O Fim da Proibição de Drogas
Quando o esforço global de proibição entra em seu segundo século, estamos testemunhando duas tendências contrárias. A própria idéia de um regime de proibição atingiu um crescendo de violência sem saída não apenas no Afeganistão, mas recentemente no Sudeste Asiático, demonstrando o fracasso da estratégia de repressão da guerra das drogas. Em 2003, o primeiro-ministro tailandês Thaksin Shinawatra lançou uma campanha contra o abuso de metanfetaminas que levou a sua polícia a realizar 2.275 mortes extrajudiciais em apenas três meses. Levando essa lógica coerciva até sua conclusão final, em seu primeiro dia como presidente das Filipinas em 2016, Rodrigo Duterte ordenou um ataque ao tráfico de drogas que desde então rendeu 1,3 milhões de rendições por traficantes e usuários, 86 mil prisões e cerca de 20 mil corpos despejados nas ruas das cidades por todo o país.
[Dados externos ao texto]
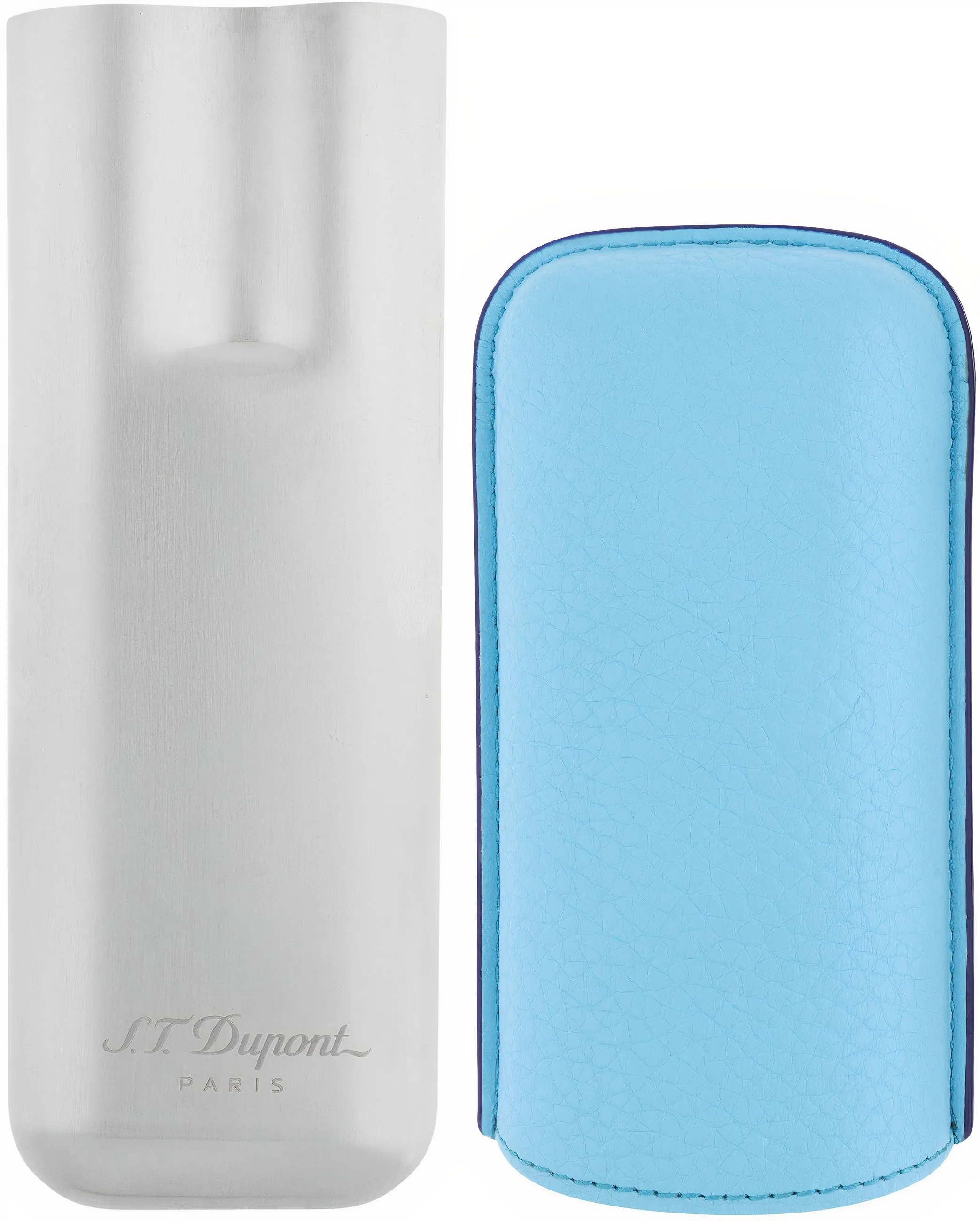 De **S.T. Dupont sigarenkoker voor 2 sigaren in turquoise met chroom** is een elegante en modern uitziende sigarenkoker van het Franse luxemerk S.T. Dupont. Het bovendeel is gemaakt van hoogwaardig lichtblauw gekleurd rundleer dat is verwerkt in Spanje en is aan de binnenkant voorzien van een reliëf met "Made in Spain". Het leer heeft een decoratieve naad aan de buitenkant die het elegante totaalbeeld van de sigarenkoker onderstreept. Het onderste gedeelte van de koker is gemaakt van glanzend chroom, wat ideaal is voor het vervoeren van twee sigaren omdat het druk- en breukbestendig is. Een bijzonder kenmerk is de inkeping in het bovenste gedeelte van de metalen basis, die voorkomt dat de sigaren of een enkele sigaar die nog in de koker zit heen en weer rollen. De diameter van de roestvrijstalen koker is 2,45 cm en er passen dus twee sigaren in met een maximale ringmaat van 61. De lengte van de koker is variabel van ca. 160 mm tot ca. 220 mm wanneer deze volledig is ingeschoven. Het artikel wordt geleverd in een representatieve verpakking, waardoor het ideaal is als cadeau. Maak een zelfverzekerde en modern-sportieve liefhebber blij met deze trouwe metgezel. Een garantiekaart en verzorgingsinstructies van Dupont worden meegeleverd.

No entanto, o uso de drogas continua profundamente enraizado nas favelas de Bangkok e Manila.
No outro lado da história, o movimento de redução de danos liderado por médicos e ativistas comunitários em todo o mundo está lentamente trabalhando para desvendar o regime global de proibição. Com uma medida de cédula de 1996, os eleitores da Califórnia, por exemplo, iniciaram uma tendência ao legalizar as vendas de maconha-médica. Em 2018, Oklahoma tornou-se o 30º estado a legalizar a cannabis medicinal. Após iniciativas do Colorado e de Washington em 2012, mais oito estados descriminalizaram o uso recreativo da cannabis, durante muito tempo a mais difundida das drogas ilícitas.
Atingido por uma onda de abuso de heroína durante os anos 80, o governo português reagiu pela primeira vez com repressão que, como em todo o planeta, pouco fez para impedir o aumento do abuso de drogas, da criminalidade e das infecções. Gradualmente, uma rede de profissionais médicos em todo o país adoptou medidas de redução de danos que proporcionariam um impressionante recorde de sucesso comprovado. Após duas décadas deste julgamento ad hoc, em 2001, Portugal descriminalizou a posse de todas as drogas ilegais, substituindo o encarceramento por aconselhamento e produzindo uma queda sustentada nas infecções pelo HIV e hepatite.
Projetando esta experiência para o futuro, parece provável que medidas de redução de danos sejam adotadas progressivamente a nível local e nacional em todo o mundo, à medida que várias guerras intermináveis e mal sucedidas sobre drogas sejam reduzidas ou abandonadas. Talvez um dia um caucus de legisladores republicanos em alguma sala de conferências de Washington em painéis de carvalho e um coral de burocratas da ONU em sua sede de Viena em vidro permaneçam como os únicos apóstolos pregando o evangelho desacreditado da proibição das drogas.